Antibiotic shortage sparks diarrhoea ‘superbug’ spike

Tuesday 20 February 2018

Antibiotic shortage sparks diarrhoea ‘superbug’ spike

Tuesday 20 February 2018


Jersey saw a spike in cases of a ‘superbug’ that causes diarrhoea, dehydration and sometimes even death, due to a global shortage of an antibiotic in 2017.

15 cases of Clostridium Difficile – often referred to as C. Difficile or C. Diff – were recorded in the island’s Health institutions last year. It was the highest number of cases to hit the island’s hospitals in five years, up from 11 in 2016, just six in 2014 and 2015, and 10 in 2013.
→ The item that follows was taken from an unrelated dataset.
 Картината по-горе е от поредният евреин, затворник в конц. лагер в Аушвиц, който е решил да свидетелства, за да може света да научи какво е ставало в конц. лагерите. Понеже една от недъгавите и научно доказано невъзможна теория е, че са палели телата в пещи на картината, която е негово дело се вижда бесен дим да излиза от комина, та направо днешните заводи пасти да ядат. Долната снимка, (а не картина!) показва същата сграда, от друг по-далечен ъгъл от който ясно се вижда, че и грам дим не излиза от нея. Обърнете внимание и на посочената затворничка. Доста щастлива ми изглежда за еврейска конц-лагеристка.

The infection, which causes serious bowel problems, including painful stomach cramps, sickness, fever of above 38 degrees and weight loss, is known as a ‘superbug’ – one that cannot be treated with conventional antibiotics.

In 2006, the bug caused the death of 49 people across Leicester hospitals after an outbreak.
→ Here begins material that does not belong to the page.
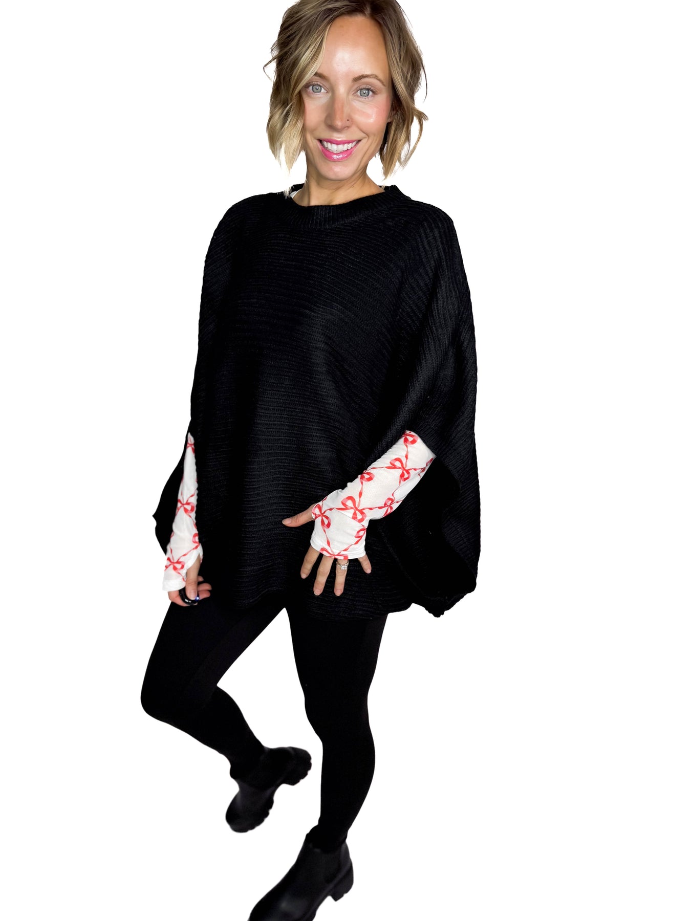 • Chic poncho look that pairs beautifully with denim, leggings, or dresses

The figures, which came as part of a response to an Express Freedom of Information (FOI) request, showed that seven additional cases were detected within the wider island community. Those cases brought the total number to 22, largely in line with the UK, which saw 24 cases per 100,000 population last year.

jersey general hospital

Pictured: A consultant said that the hospital was undergoing heightened cleaning and 'fogging' in contaminated areas.

C. Diff is carried without symptoms in around 5% of the population. Hospital infections tend to be the result of carriers who have undergone treatment for an illness with antibiotics – that medication then alters organisms within the gut, causing C. Diff bacteria to multiply and cause infection. No vaccination is currently available. 
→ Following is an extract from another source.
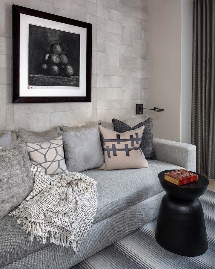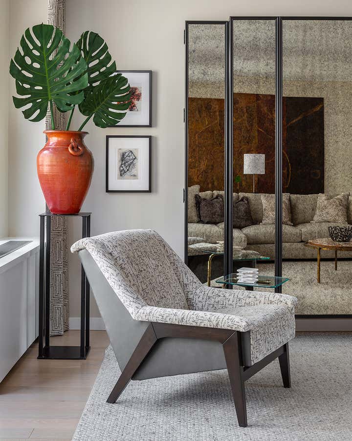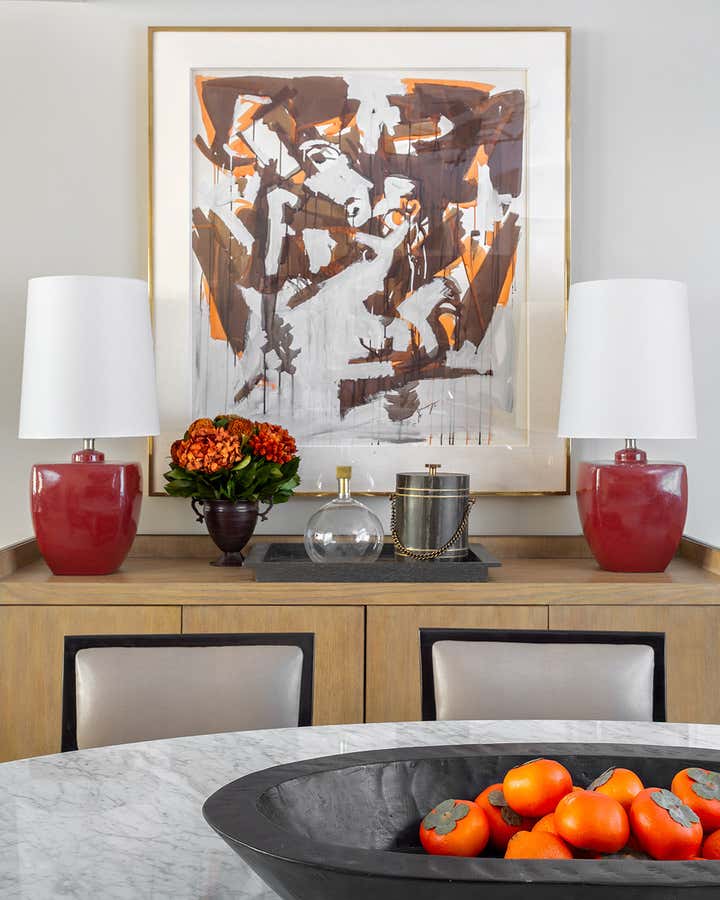 We quickly decided on a wide range of neutrals used across a diverse textural palette as a respite from the visual excitement of the city. With this soothing look and feel in mind, we drafted a streamlined furniture plan, combined clean lined new pieces and one of a kind vintage pieces, and then layered in a few but very special objéts and paintings. A vintage coffee table with a brown and cream tiled top also brought in hits of persimmon, burnt orange and blood red which we incorporated in light touches throughout the project.

Dr Ivan Muskat, Consultant in Communicable Disease Control, told Express that the recent rise in C. Diff cases was due to a global shortage of antibiotic piperacillin-tazobactam, which is normally used to treat the infection. 

“…We had to use different antibiotics. These had a greater potential to cause C.diff. This effect has also been reported from other hospitals. The availability of piperacillin-tazobactan is now closer to normal and is again being used in the way we have used this in the past,” he said.

He added that the hospital had tightened its procedures to minimise spread:

“[C. Diff] can be prevented by minimising the misuse of antibiotics and prevention of cross infection. General hygiene including hand hygiene and PPE and standard cleaning is routine. Heightened cleaning and vaporisation of hydrogen peroxide (fogging) is used in contaminated areas.

“We have now also introduced ultraviolet C to increase routine decontamination. By early March, we will routinely use a probiotic in those over 60 years of age if they are prescribed an antibiotic – this will reduce the risk of C. Difficile.” 

The statistics obtained showed zero cases of superbug MRSA in Jersey Health institutions in 2017 or the previous year, and no cases in the past five years of VRE (Vancomyscin-resistant enterococci), which can cause infections of the urinary tract, bloodstream or wounds.

Lead image: C. Diff colonies on a blood agar plate. (Centers for Disease Control and Prevention)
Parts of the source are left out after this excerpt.